In order to mitigate the risk of high inflation in Cambodia and ensure public spending is dispersed in priority sectors, the government must curb some of its spending on civil service and military wages this year to avoid the budget deficit from rising too high, officials from the International Monetary Fund said this week.
But government and ruling party officials said yesterday that a cap on state wages was not an option under the current economic conditions.
On Wednesday the International Monetary Fund predicted that Cambodia’s budget deficit could climb as high as 6.75 percent of GDP, up from about 2.75 percent last year.
After two weeks of consultations with government officials, representatives from the country’s business community and the development sector, a team of seven economists from the IMF estimated that domestic financing of the deficit would mean the government would have to draw on deposits amounting to about 1.25 percent of GDP, reversing a long trend of deposit accumulation.
“This situation bears close watch, since domestic financing of deficits in the past has contributed to macroeconomic instability, placing pressure on the exchange rate and consumer prices,” the IMF said in a statement on Wednesday.
“Both revenue and spending measures will be needed to mitigate this risk, and to keep the deficit around 5.5 percent, which in our view would be consistent with the objectives of providing space for priority spending and maintaining macroeconomic stability,” John Nelmes, resident representative for the IMF in Cambodia, said yesterday.
Mr Nelmes said: “Freezing the overall wage bill…is one measure we believe the government should consider.”
“An equally important point is that wage increases need to be undertaken in the context of a civil service reform strategy to ensure that higher wage spending is accompanied by better pay incentives based on performance and improved service delivery,” he said.
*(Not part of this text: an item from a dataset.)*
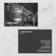 Um modelo de cartão de negócios com uma imagem ou textura de fundo. Nome da empresa e tipo de negócio na frente com nome e outros dados de contato no verso.

The IMF estimates the government wages will rise to almost 5 percent of GDP this year, up from just over 3 percent last year.
In other words, Mr Nelmes said, the level of government spending on wages for 2009 is set to be more than double the amount of domestically financed capital being spent on overall infrastructure. The IMF predicts Cambodia’s GDP to hit about $10.8 billion in 2009.
Mr Nelmes warned that if growth in the overall government wage bill is not checked, priority areas like health and education could risk being underfinanced.
“In our view, the 2010 budget can indeed make room for spending on priority measures and sectors within a ceiling of 5.5 percent. This can be accomplished through more effort at raising revenues, checking wage growth while a civil service reform strategy is put in place, and restraining spending on non-priority items,” Mr Nelmes said.
But CPP lawmaker Cheam Yeap, who chairs the National Assembly’s finance commission, said the government plans to continue its policy of regularly increasing the wages of government employees.
“We will keep raising the amount allocated for wages as it will help improve people’s living standards,” Mr Yeap said.
Responding to IMF recommendations concerning increased spending on health and education, Mr Yeap said that the 2010 national budget would adjust its priority spending depending on the stability of Cambodia’s economy.
“I have written to Deputy Prime Minister [and Minister of Finance] Keat Chhon to increase the amount of spending on the health and education sectors,” he added.
In The, director general of the finance and administration department at the Ministry of Education, said that current wages for teachers were only just sufficient, with many educators having to clock overtime to support their families.
Mr The said that teachers in the provinces faired better than those in urban areas, though more efforts to raise teachers’ salaries were still needed.
“The government is like our parents, if their revenue increases, they give us more,” he said.